There will be holding the Regions largest 2-day coyote hunting tournament at the Quality Inn in Dickinson, North Dakota 8th-10th January 2009. We would like to get you involved with this annual event. There will be hunting and calling seminars Saturday night from 7:30-9:30 pm (mountain time) with hundreds of dollars in door prizes. Seminars are free to tournament contestants and open to the general public for $7 at the door. Vendor space is available throughout the tournament - call for details. This hunting tournament is a two-day contest, $200 entry per team ($150 if pre-registered before 15DEC08), with 90% payback. Links below will allow you to view the rules and the flyer. If you would like to to register you can either print out the flyer, fill out the registration form to the address listed or click on the link to the shopping cart and you can pay online with a credit card


----------



## lyonch (Feb 26, 2006)

There are 23 teams as of now signed up and is limited to 50 teams. This is a tournament that will fill up fast. Dont wait and expect to sign up the day of or just before the tournament.


----------



## theoutdoorlife (Sep 30, 2008)

I and a buddy of mine are interested in the tournament but with not being familiar with the area I am afraid we would be at a disadvantage. Are most in the tournament from the local area? Is most hunting done on private or public land?


----------



## bontop2 (Feb 21, 2006)

The tournament is great, last year was our second year out and we had a blast both years! Most of the teams are not from there so it is very fair. We go out a day early and do some scouting and talking to landowners, and in the last 2 years only been turned down once.


----------



## lyonch (Feb 26, 2006)

you wont be to a disadvantage!! There are coyotes crawling all over out there. It doesn't matter where you go, you will find coyotes to shoot. As of right now there are 25 teams registered for the tournament and they are comiong from WY, CO, MN, ND, SD. Dont wait to sign up cause it will be filled before the tournament starts. :beer:


----------



## coyotehuntern (Jul 7, 2008)

28 teams registered


----------



## coyotehuntern (Jul 7, 2008)

29 teams registered with a max. of 50 teams


----------



## coyotehuntern (Jul 7, 2008)

32 teams registered


----------



## jerry hunsley (Jan 20, 2006)

That is a good tournament to go to. Lots of nice guys there and you will get some coyotes. Jamie and wife do a great job plus all his helpers. I would recommend this one for sure. Come out and have a few beers and shoot the breeze. I plan on making the trip and hunting on the way up there. Anybody available South of Dickinson for a little hunting? Last year I got a couple on the way up.


----------



## LeviM (Dec 3, 2006)

If I wasn't hunting in the tournament Jerry, I would of loved to hunt coyotes with you. maybe some day, I would love to learn a few tricks from you


----------



## coyotehuntern (Jul 7, 2008)

34 teams registered. only 16 spots left open.


----------



## coyotebuster (Oct 8, 2007)

What was the winning number of yotes last year?


----------



## coyotehuntern (Jul 7, 2008)

First place last year went to Chad Ulmer and Brandon Peterson who brought in a total of 6 coyotes. They bought themselves in the Calcutta, so their cash payout was $3190.00. They were also each awarded with matching D.P.M.S. Panther Rifles, $1,200 worth of Desert Shadow Camo, and Coyote-head Trophies.


----------



## coyotehuntern (Jul 7, 2008)

only 8 spots left for the tournament


----------



## Regulators (Jan 22, 2008)

how many spots left now if any? thanks


----------



## JuvyPimp (Mar 1, 2005)

What does it normally take to win it? Is six around average for the winning team??

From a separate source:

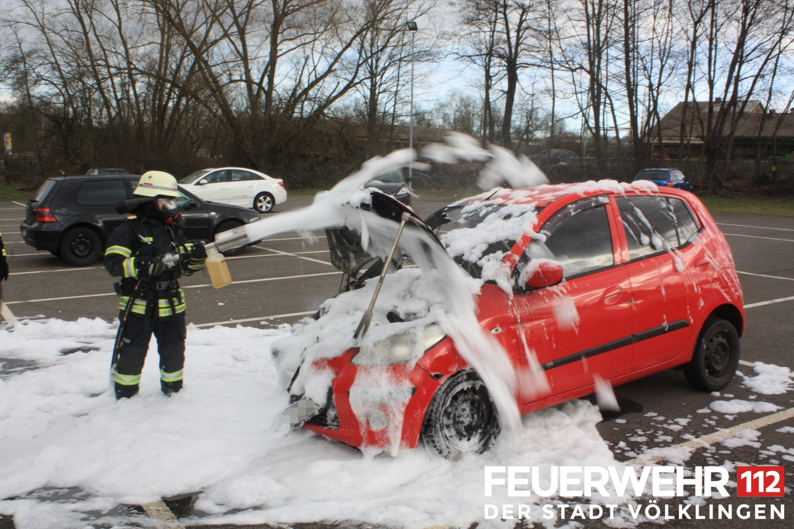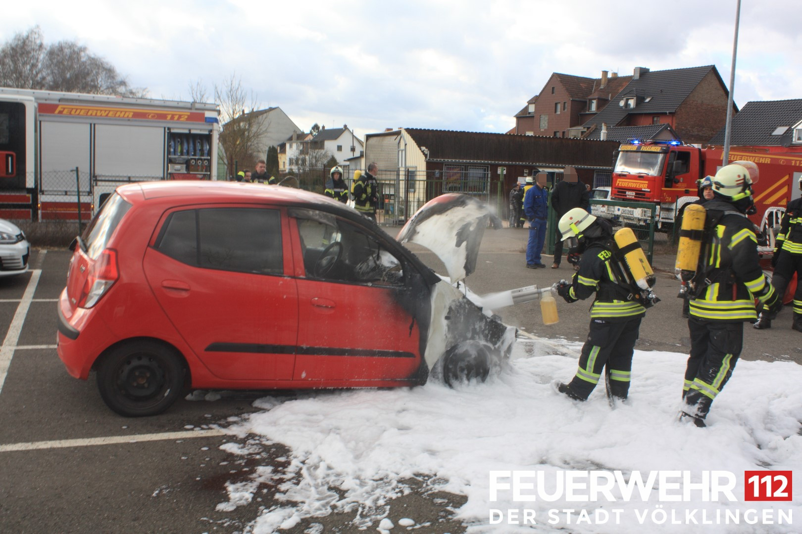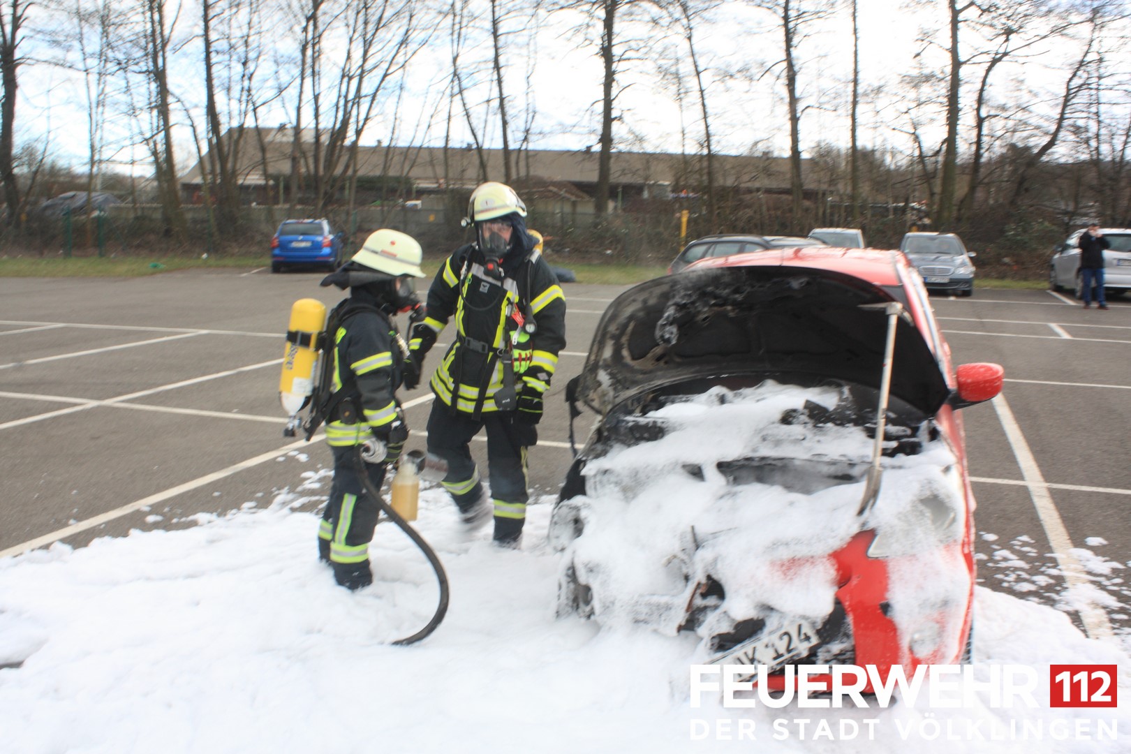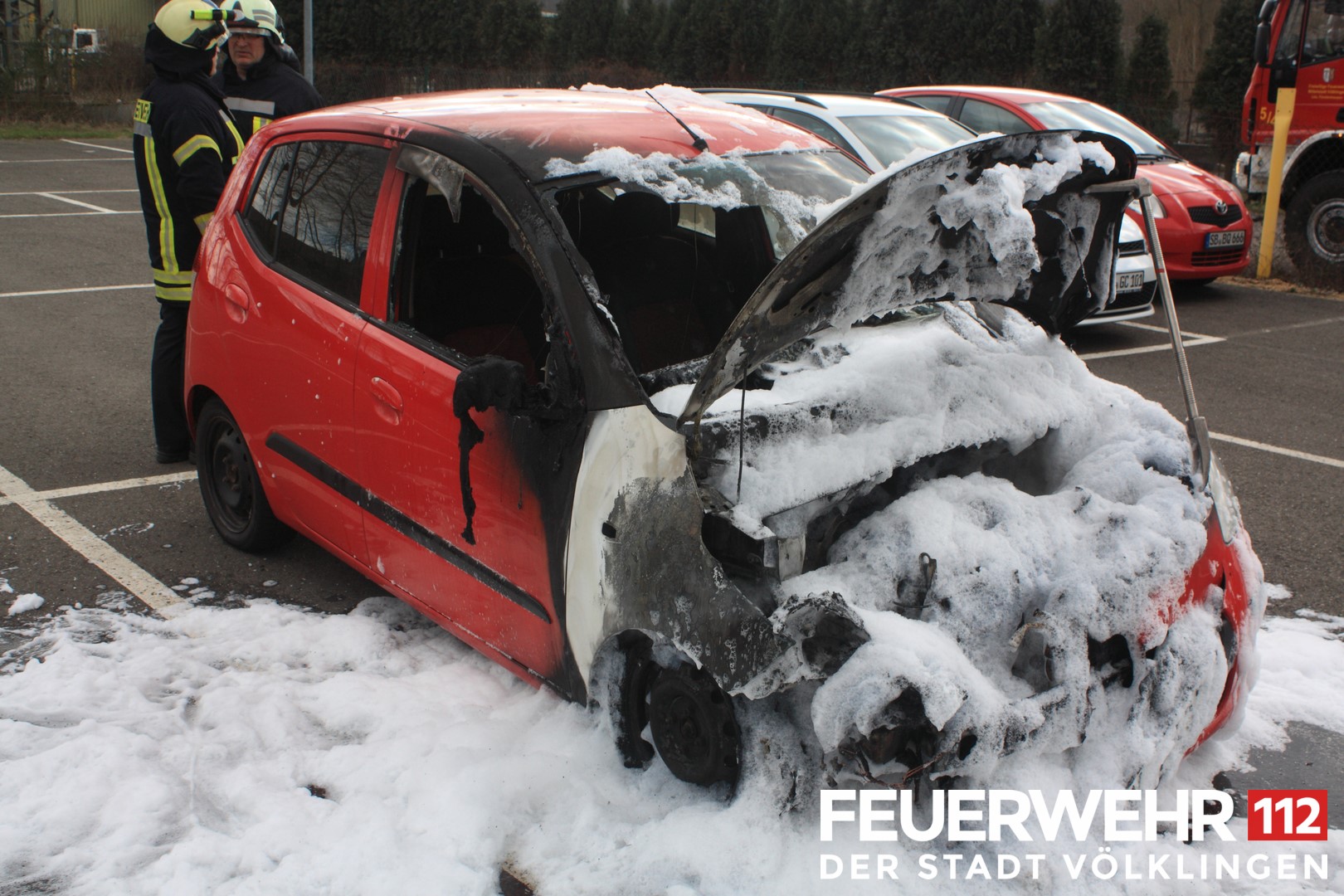 Die Feuerwehr wurde wegen eines brennenden PKWs alarmiert. Bei Eintreffen der Einsatzkräfte brannte der PKW im Motorraum. Ein Trupp unter Atemschutz löschte den Brand mittels Druckschlauch S ab. Anschließend wurde die Einsatzstelle an die Polizei übergeben.
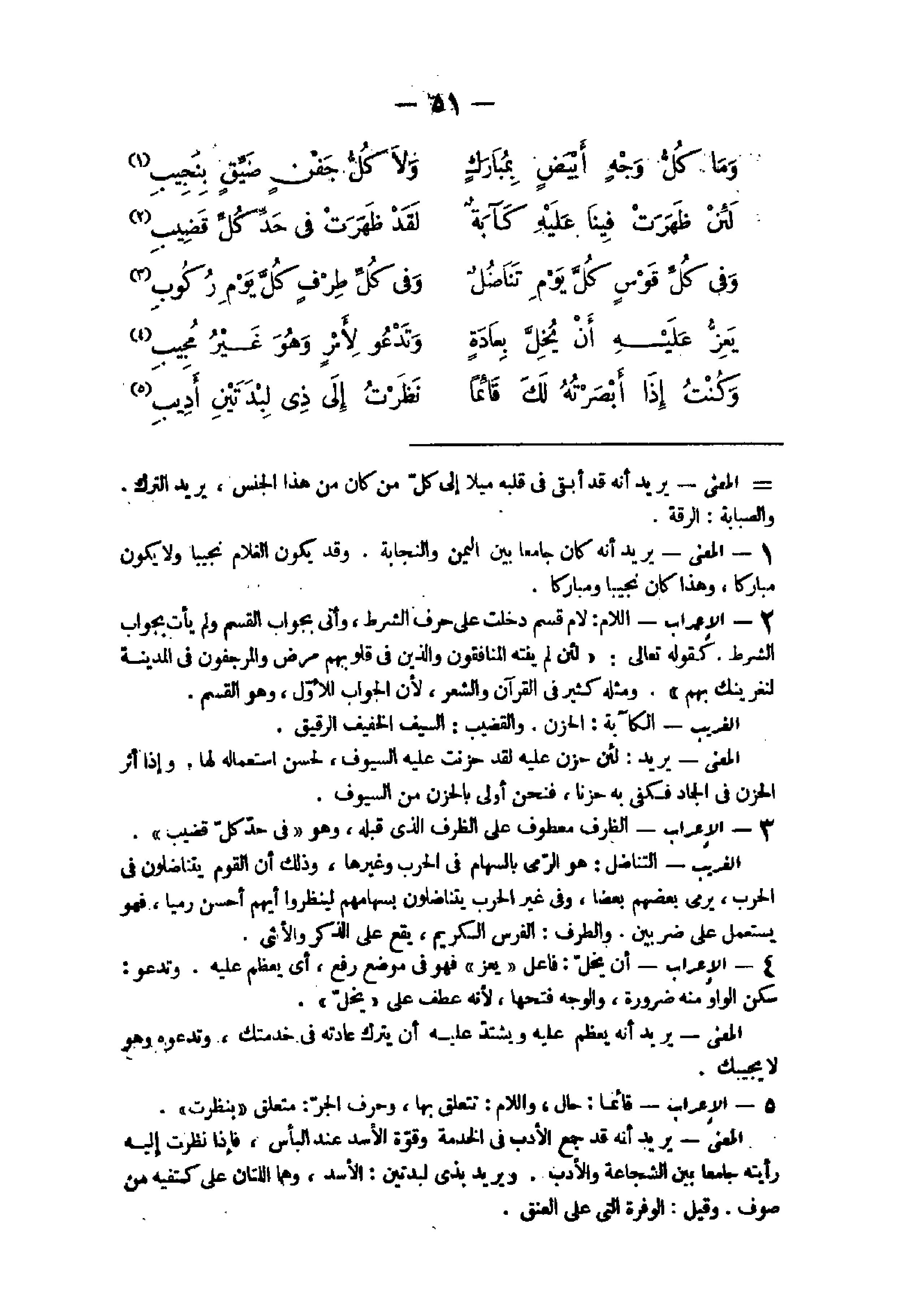 11 - الْإِعْرَاب اللَّام لَام قسم دخلت على حرف الشَّرْط وأنى بِجَوَاب الْقسم وَلم يَأْتِ بِجَوَاب الشَّرْط كَقَوْلِه تَعَالَى {لَئِن لم ينْتَه المُنَافِقُونَ وَالَّذين فى قُلُوبهم مرض والمرجفون فى الْمَدِينَة لنغرينك بهم} وَمثله كثير فى الْقُرْآن وَالشعر لِأَن الْجَواب للْأولِ وَهُوَ الْقسم الْغَرِيب الكآبة الْحزن والقضيب السَّيْف الْخَفِيف الرَّقِيق الْمَعْنى يُرِيد لَئِن حزن عَلَيْهِ لقد حزنت عَلَيْهِ السيوف لحسن اسْتِعْمَاله لَهَا وَإِذا أثر الْحزن فى الجماد فَكفى بِهِ حزنا فَنحْن أولى بالحزن من السيوف

Might have to enter and make the drive.


----------



## JuvyPimp (Mar 1, 2005)

Nevermind same weekend as St. Francis. Thats a bummer, sounds fun.


----------



## coyotehuntern (Jul 7, 2008)

Well it looks like the tournament is full. Thanks to all that have already registered and we will see you in January.

It looks as if we have more teams than openings for the tournament. I will go by registration dates that are done on line and post marks on registrations that were mailed in. Any refunds that need to be sent out because of the tournament being full will be sent back in the next week.


----------



## coyotehuntern (Jul 7, 2008)

we have had as many as 14 to win with 8-9 being normal. Lots of dogs but we have snow and cold to deal with. The year 14 took it, the temp was in the -30's all weekend. The first day of that hunt was -57 wind chill, the second day -32 with little to no wind.


----------



## JuvyPimp (Mar 1, 2005)

14 coyotes with those conditions??? If they actually hunted in those conditions and didnt travel south to hunt then thats pretty impressive. Kinda hard to believe calling 14 in with those temps. Mouth calls will be froze after first sequence and battery life on ecallers is cut. How do you guys check for dogs chased with snow machines??


----------



## Fallguy (Jan 23, 2004)

JuvyPimp said:


> 14 coyotes with those conditions??? If they actually hunted in those conditions and didnt travel south to hunt then thats pretty impressive. Kinda hard to believe calling 14 in with those temps. Mouth calls will be froze after first sequence and battery life on ecallers is cut. How do you guys check for dogs chased with snow machines??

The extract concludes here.